There are several ECL functions that are designed specifically to help optimize queries for execution on Roxie. These include PRELOAD, ALLNODES, THISNODE, LOCAL, and NOLOCAL. Understanding how all these functions work together can make a big difference in the performance of your Roxie queries.
Writing efficient queries for Roxie or Thor can require an understanding of how the different clusters operate. This brings up three questions:
How does the graph execute, on a single node, or on all nodes in parallel?
How are datasets accessed by each node executing the graph, only the parts that are local to the node, or all parts on all nodes?
Does an operation coordinate with the same operation on other nodes, or does each node operate independently?

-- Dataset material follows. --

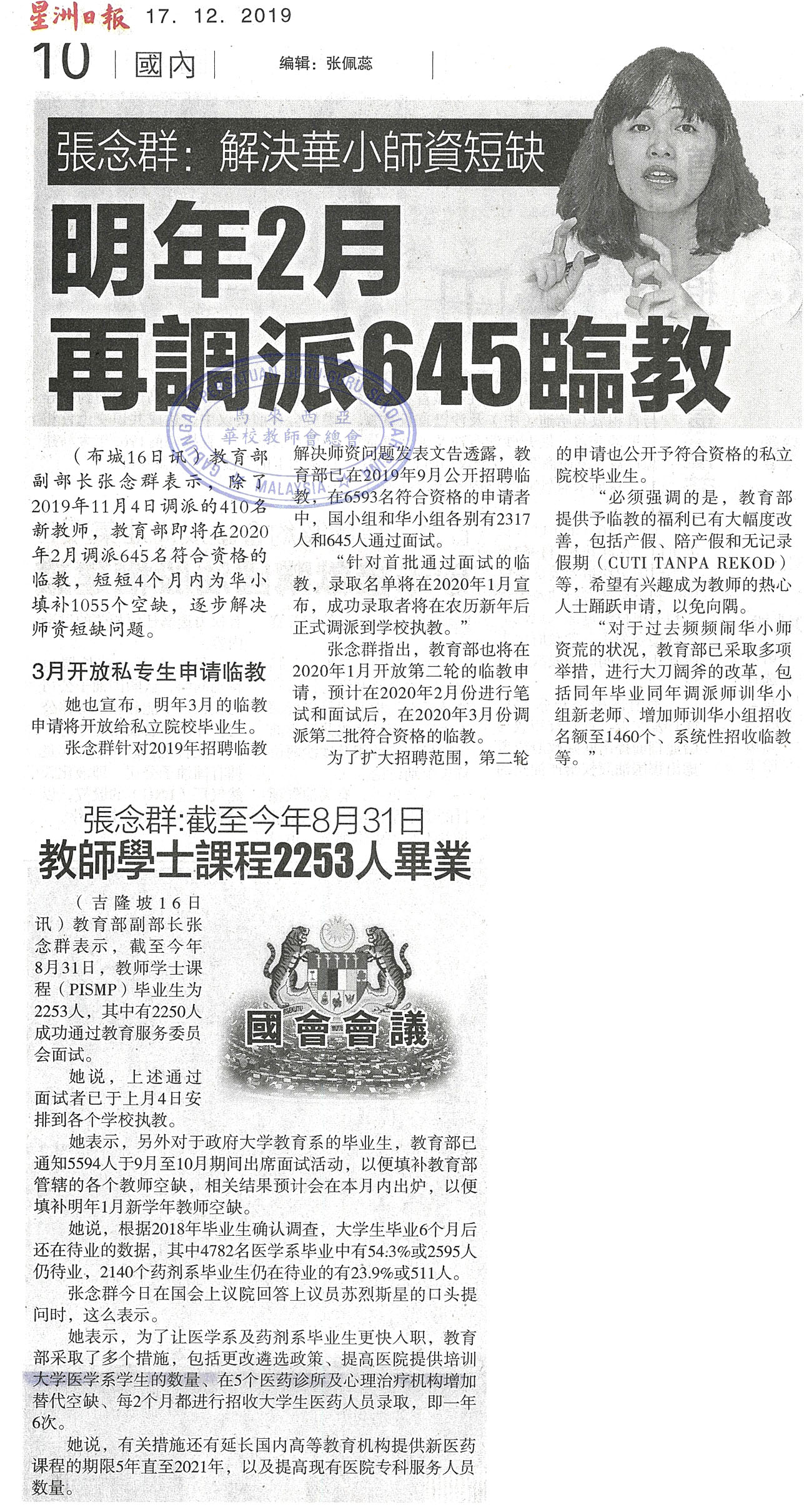 张念群:解决华小师资短缺 明年2月再调派645临教

Here's how queries "normally" execute on each type of cluster:
Thor | Graphs execute on multiple worker nodes in parallel. |
Index/disk reads are done locally by each worker node. | |
All other disk access (FETCH, keyed JOIN, etc.) are effectively accessed across all nodes. | |
Coordination with operations on other nodes is controlled by the presence or absence of the LOCAL option on the operation. | |
No support for child queries (this may change in future releases). | |
hthor | Graphs execute on the single ECL Agent node. |
All parts of the dataset/index are accessed by directly accessing the disk drive of the node with the data--no other interaction with the other nodes. | |
Child queries always execute on same node as parent. | |
Roxie | Graphs execute on a single (Roxie server) node. |
All parts of the dataset/index are accessed by directly accessing the disk drive of the node with the data--no other interaction with the other nodes. | |
Child queries might execute on a single agent node instead of a Roxie server node. |